Recently I was helping a client who was suffering from performance problems on their site sometimes leading to node instability.

After doing a deep dive, I found that most of the problems stemmed from improper connection pool settings.

Not that it was the developers faults, per se, but it had more to do with not seeing the whole picture.

So I thought I'd share some common gotchas with connection pools that hopefully you can use to prevent facing similar issues in your own environments.

DB Connection Limits

First thing you need to know is that databases have connection limits. This is a hard limit that you cannot do anything about from a developer perspective.

For example, MySQL has a 150 (well, 151) default limit on client connections. Postgres has a limit of 100 connections. All enterprise databases impose a connection limit.

These limits are configurable, but when setting up your connection pool you really need to know what these limits are because you can't do anything about them.

DB User Connection Limits

Databases can also allow defining a limit to connections by a user. MySQL, for example, has the max_connections value but also max_user_connections that can limit what a user can use simultaneously. Most enterprise databases will allow defining a per-user connection limit.

You should know if your database is configured to use a per-user connection limit as well as what that limit is.

If you have an artificially low per-user limit, you can work around this by using separate users in each of your cluster nodes.

Cluster Sizing vs DB Limits

When DB limits are in place, your individual node connections will be defined by the DB connection limit divided by the size of your cluster.

For example, if your DB connection limit restricts to 100 connections, in your four node cluster the max pool size should be 25 connections. Any higher and the cluster-wide connection needs would exceed the count allowed by the database.

Application-Managed Pools Consume Connections Separately

This one is kind of sneaky. If you have 2 Spring portlet wars and each war has a connection pool sized to 20 connections max, it is not 20 connections total for the node, it is 40 connections. Each pool is managed separately because a war-based application will not share pools with other applications.

A best practice is to define a container-managed pool and use JNDI lookups in the applications. When managed by the container, that pool is shared amongst all apps that look up the JNDI datasource and provide a better way of sharing resources.

Liferay Uses Two Connection Pools

It is not very well known, but Liferay actually has two different connection pools.

The first pool is the one we typically do know, the Default connection pool. When you use the jdbc.default.jndi.name property or any of the jdbc.default.* properties, you're defining the default Liferay connection pool.

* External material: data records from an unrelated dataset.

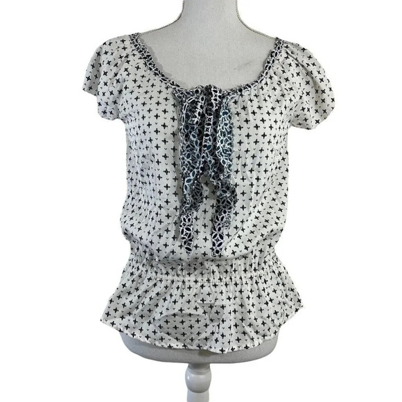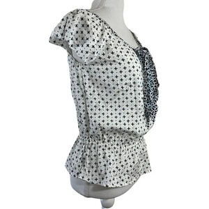 The Gap Small Ruffled Top Peplum Smocked Puff Short Sleeve White Blue Geometric White and Navy Blue
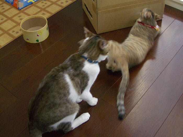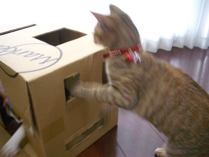 箱の外側からちょっかいを出しています。
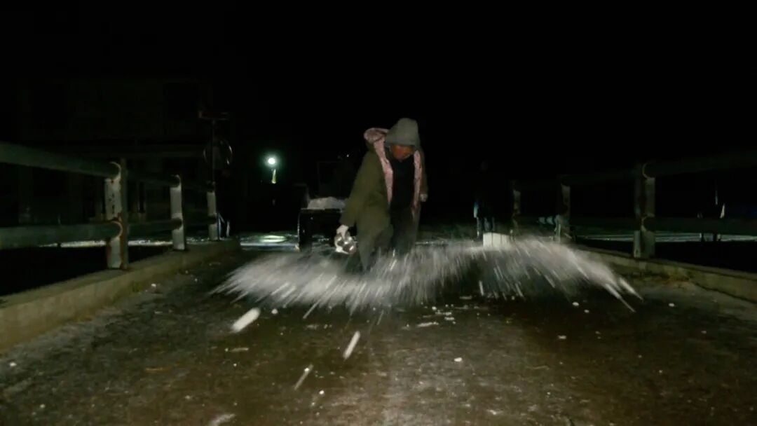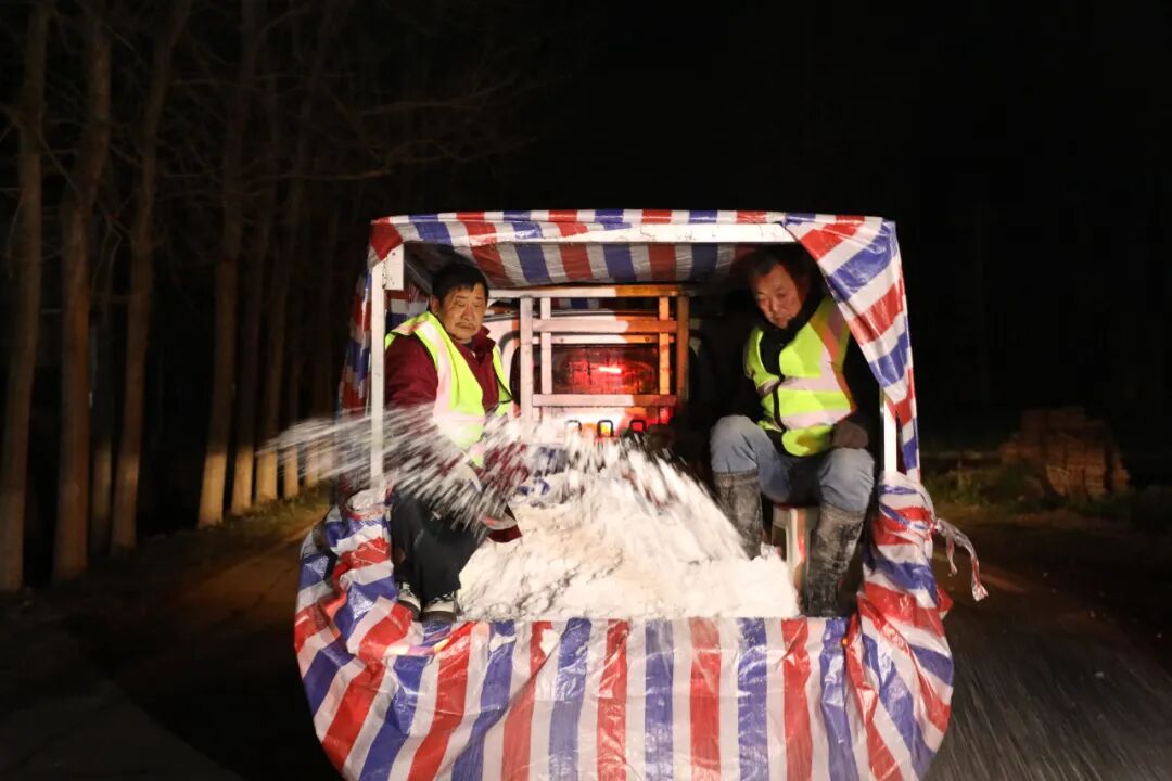 当晚七点,在马家寨乡滩林路,杨渊村村民汤乐海和工作人员正在进行今天第三轮的撒盐除冰工作。随着夜间气温的骤降,刺骨的寒风掺杂着冰粒,打在人脸上生疼。汤乐海身着厚重的防寒服将盐粒均匀地抛撒在路面,虽然寒风凛冽,但他手上的动作却一刻没停。

Liferay has a second counter pool, though, which is managed using the jdbc.counter.* properties. This is a separate connection pool that Liferay uses for incrementing the various counters that Liferay manages. It uses a separate pool so Liferay is always able to get a counter value even when the default pool is exhausted.

When there is no specific configuration for the counter pool sizing, it will inherit the size from the jdbc.default.* settings. So if you use the Liferay default value of jdbc.default.maxPoolSize=100, your counter pool will also have a max pool size of 100.

When you are configuring your Liferay default connection pool, keep in mind and consider sizing your counter connection pool manually within expected limits.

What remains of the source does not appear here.